# Task description
Copy the records below exactly, starting at the line that contains "2 写真撮影の場合、 をタップする。動画撮影の場合、 をタップする" and ending at the line that contains "CFCF has another"; leave out any pictures.

# Record extracts
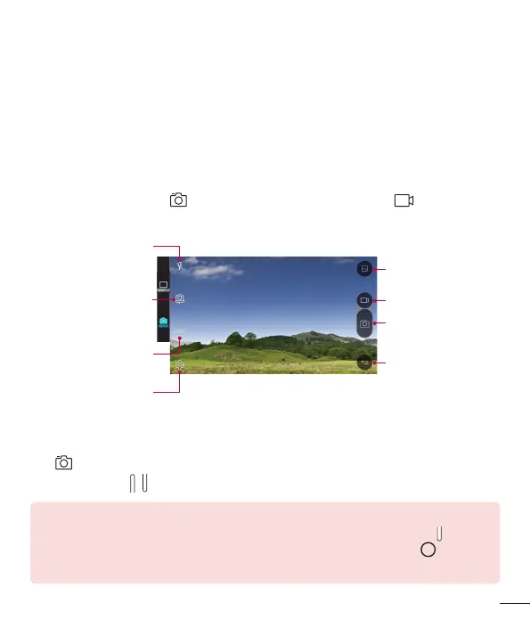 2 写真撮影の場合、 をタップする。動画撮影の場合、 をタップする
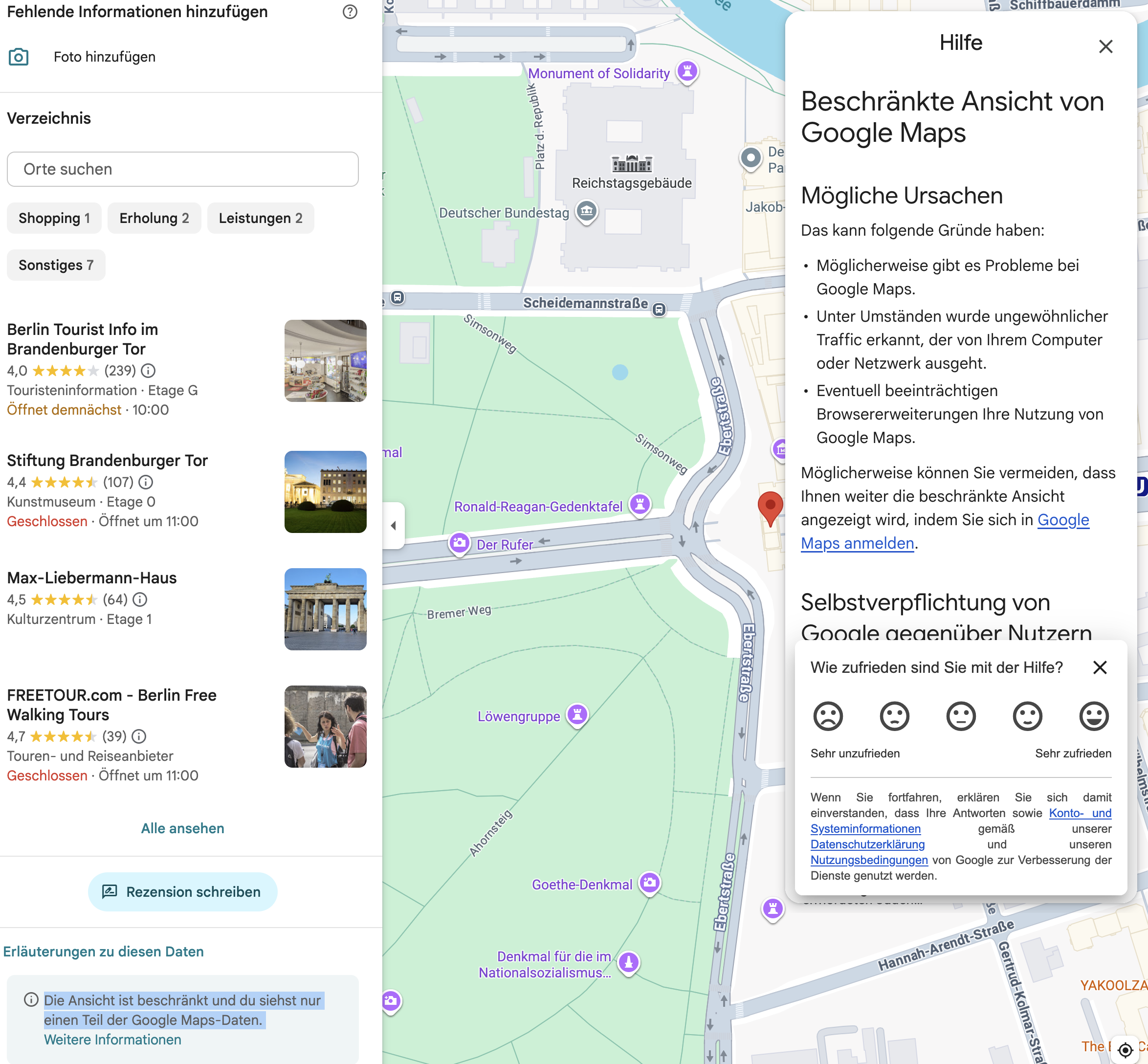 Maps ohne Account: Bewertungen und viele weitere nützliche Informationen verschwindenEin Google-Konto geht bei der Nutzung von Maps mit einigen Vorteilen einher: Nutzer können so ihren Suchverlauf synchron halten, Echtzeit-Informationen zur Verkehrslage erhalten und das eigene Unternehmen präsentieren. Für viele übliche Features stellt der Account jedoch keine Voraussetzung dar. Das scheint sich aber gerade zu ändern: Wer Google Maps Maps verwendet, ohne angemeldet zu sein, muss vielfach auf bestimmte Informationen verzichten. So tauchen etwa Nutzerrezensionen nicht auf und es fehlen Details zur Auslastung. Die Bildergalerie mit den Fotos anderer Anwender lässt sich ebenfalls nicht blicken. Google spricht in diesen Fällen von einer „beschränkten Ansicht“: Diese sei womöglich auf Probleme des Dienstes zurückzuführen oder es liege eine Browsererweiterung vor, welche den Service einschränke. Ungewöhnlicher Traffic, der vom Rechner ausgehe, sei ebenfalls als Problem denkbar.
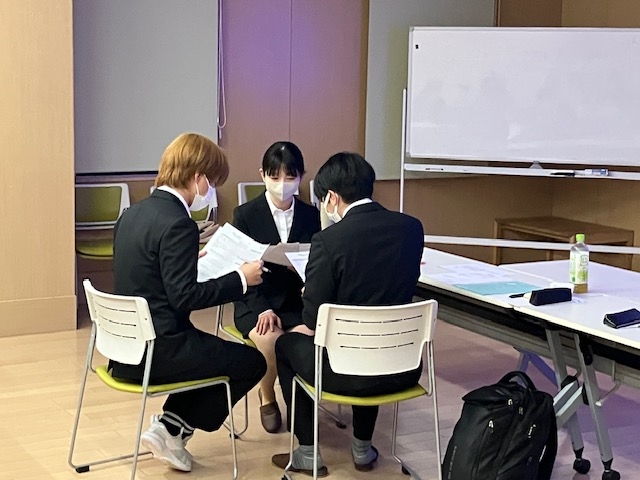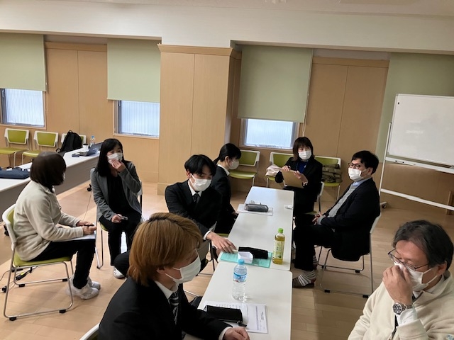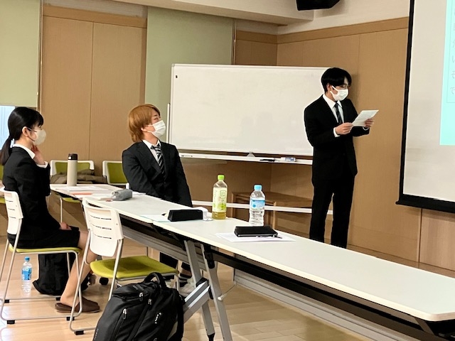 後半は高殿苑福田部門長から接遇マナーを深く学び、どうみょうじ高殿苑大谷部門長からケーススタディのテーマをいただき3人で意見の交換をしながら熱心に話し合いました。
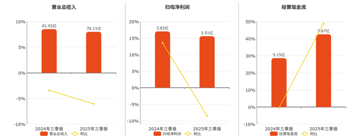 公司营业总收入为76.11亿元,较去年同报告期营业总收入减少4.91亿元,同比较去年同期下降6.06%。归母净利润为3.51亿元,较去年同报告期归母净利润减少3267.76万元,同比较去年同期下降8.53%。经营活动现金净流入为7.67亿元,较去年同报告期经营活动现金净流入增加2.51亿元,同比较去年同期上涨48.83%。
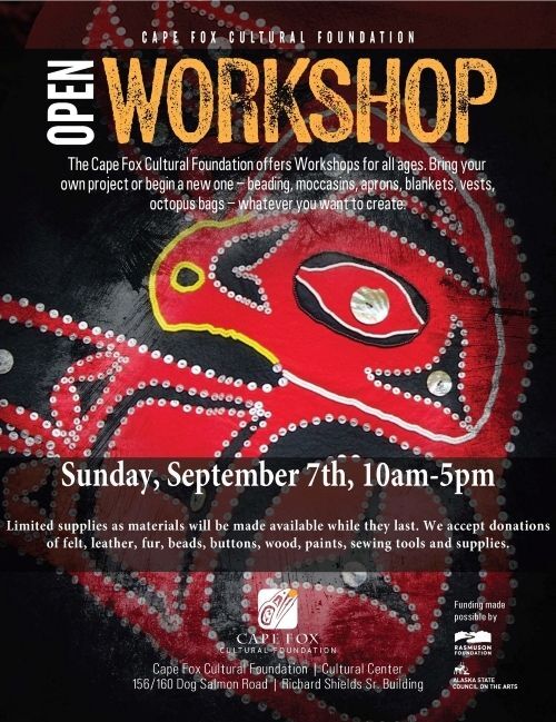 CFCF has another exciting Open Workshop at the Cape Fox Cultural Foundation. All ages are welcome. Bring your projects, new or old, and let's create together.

...

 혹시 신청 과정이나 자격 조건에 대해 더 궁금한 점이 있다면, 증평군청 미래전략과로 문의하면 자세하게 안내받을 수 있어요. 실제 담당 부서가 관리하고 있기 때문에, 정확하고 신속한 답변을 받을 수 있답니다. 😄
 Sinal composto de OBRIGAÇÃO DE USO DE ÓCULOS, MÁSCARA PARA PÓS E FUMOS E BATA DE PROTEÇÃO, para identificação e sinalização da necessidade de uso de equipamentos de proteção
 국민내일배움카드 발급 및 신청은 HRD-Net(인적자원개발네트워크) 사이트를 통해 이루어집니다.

...

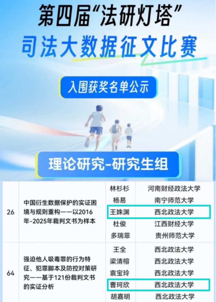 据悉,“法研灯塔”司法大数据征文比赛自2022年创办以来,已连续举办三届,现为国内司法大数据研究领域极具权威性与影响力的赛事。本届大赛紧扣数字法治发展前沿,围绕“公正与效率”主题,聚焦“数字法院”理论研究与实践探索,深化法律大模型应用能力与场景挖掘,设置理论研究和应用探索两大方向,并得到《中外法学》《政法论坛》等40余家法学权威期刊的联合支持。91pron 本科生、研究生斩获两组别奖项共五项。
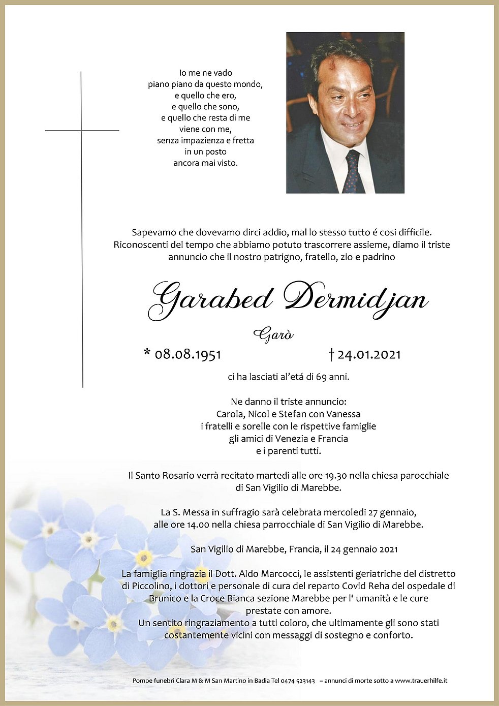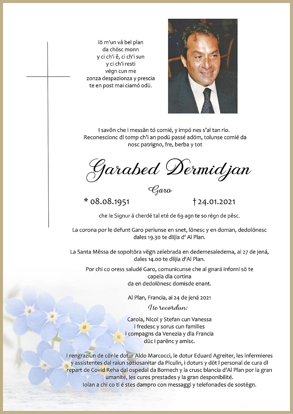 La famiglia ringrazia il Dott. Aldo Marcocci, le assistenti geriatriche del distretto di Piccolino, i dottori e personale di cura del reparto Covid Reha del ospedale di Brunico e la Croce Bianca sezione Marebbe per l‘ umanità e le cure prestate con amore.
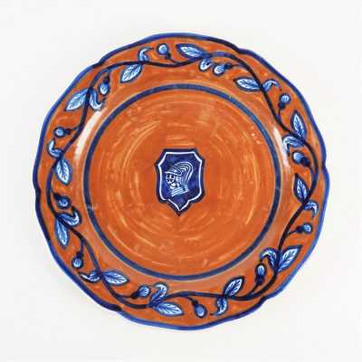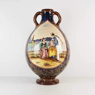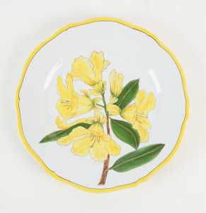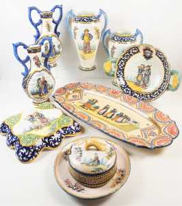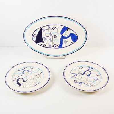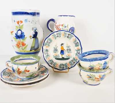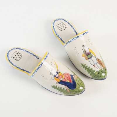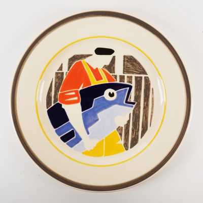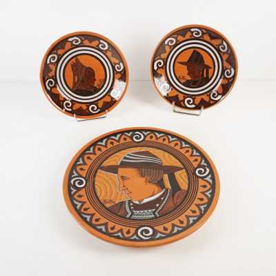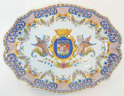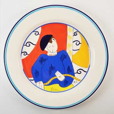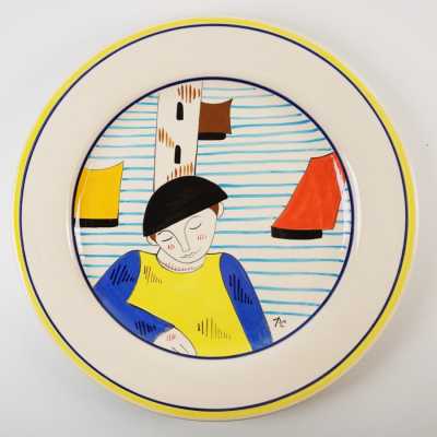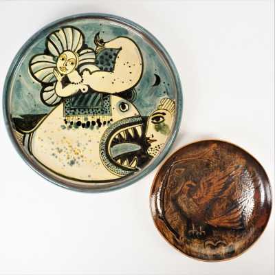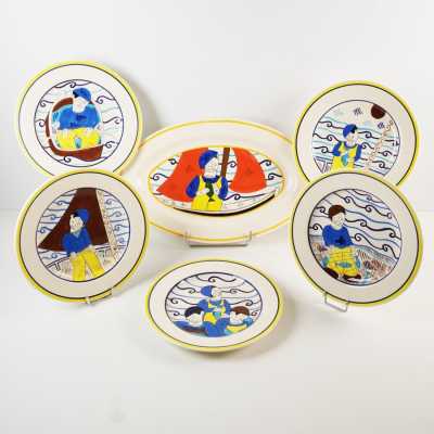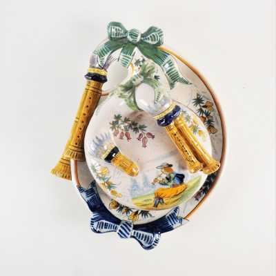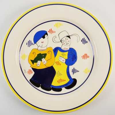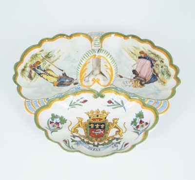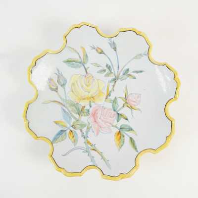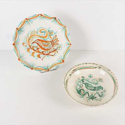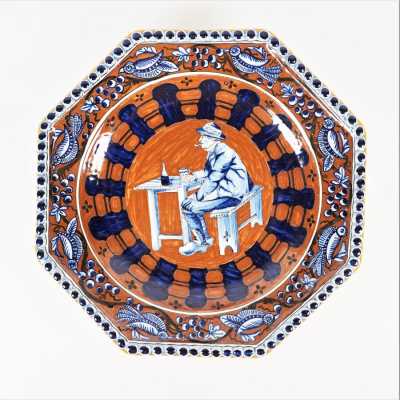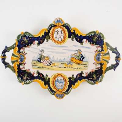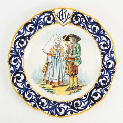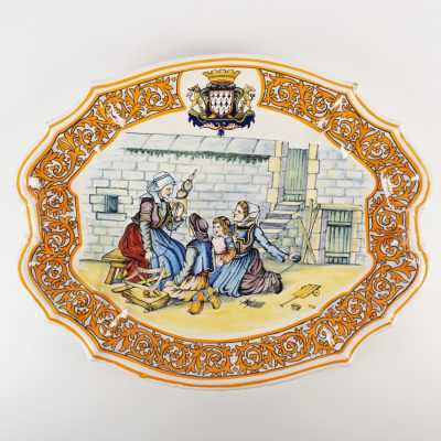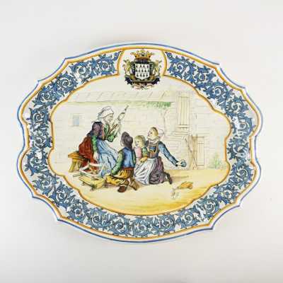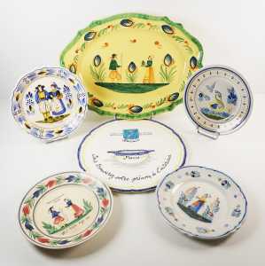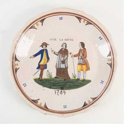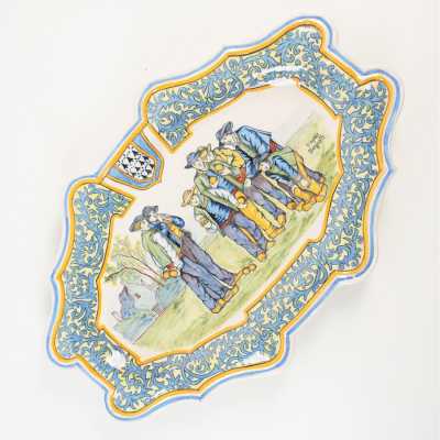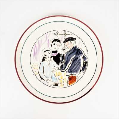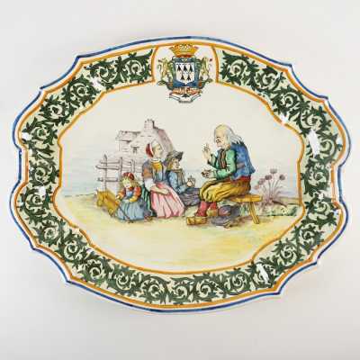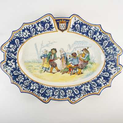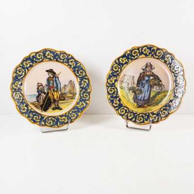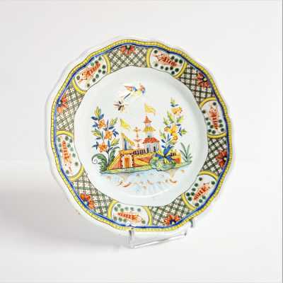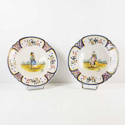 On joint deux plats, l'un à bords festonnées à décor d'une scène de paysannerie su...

# Result
 2 写真撮影の場合、 をタップする。動画撮影の場合、 をタップする
 Maps ohne Account: Bewertungen und viele weitere nützliche Informationen verschwindenEin Google-Konto geht bei der Nutzung von Maps mit einigen Vorteilen einher: Nutzer können so ihren Suchverlauf synchron halten, Echtzeit-Informationen zur Verkehrslage erhalten und das eigene Unternehmen präsentieren. Für viele übliche Features stellt der Account jedoch keine Voraussetzung dar. Das scheint sich aber gerade zu ändern: Wer Google Maps Maps verwendet, ohne angemeldet zu sein, muss vielfach auf bestimmte Informationen verzichten. So tauchen etwa Nutzerrezensionen nicht auf und es fehlen Details zur Auslastung. Die Bildergalerie mit den Fotos anderer Anwender lässt sich ebenfalls nicht blicken. Google spricht in diesen Fällen von einer „beschränkten Ansicht“: Diese sei womöglich auf Probleme des Dienstes zurückzuführen oder es liege eine Browsererweiterung vor, welche den Service einschränke. Ungewöhnlicher Traffic, der vom Rechner ausgehe, sei ebenfalls als Problem denkbar.
 後半は高殿苑福田部門長から接遇マナーを深く学び、どうみょうじ高殿苑大谷部門長からケーススタディのテーマをいただき3人で意見の交換をしながら熱心に話し合いました。
 公司营业总收入为76.11亿元,较去年同报告期营业总收入减少4.91亿元,同比较去年同期下降6.06%。归母净利润为3.51亿元,较去年同报告期归母净利润减少3267.76万元,同比较去年同期下降8.53%。经营活动现金净流入为7.67亿元,较去年同报告期经营活动现金净流入增加2.51亿元,同比较去年同期上涨48.83%。
 CFCF has another exciting Open Workshop at the Cape Fox Cultural Foundation. All ages are welcome. Bring your projects, new or old, and let's create together.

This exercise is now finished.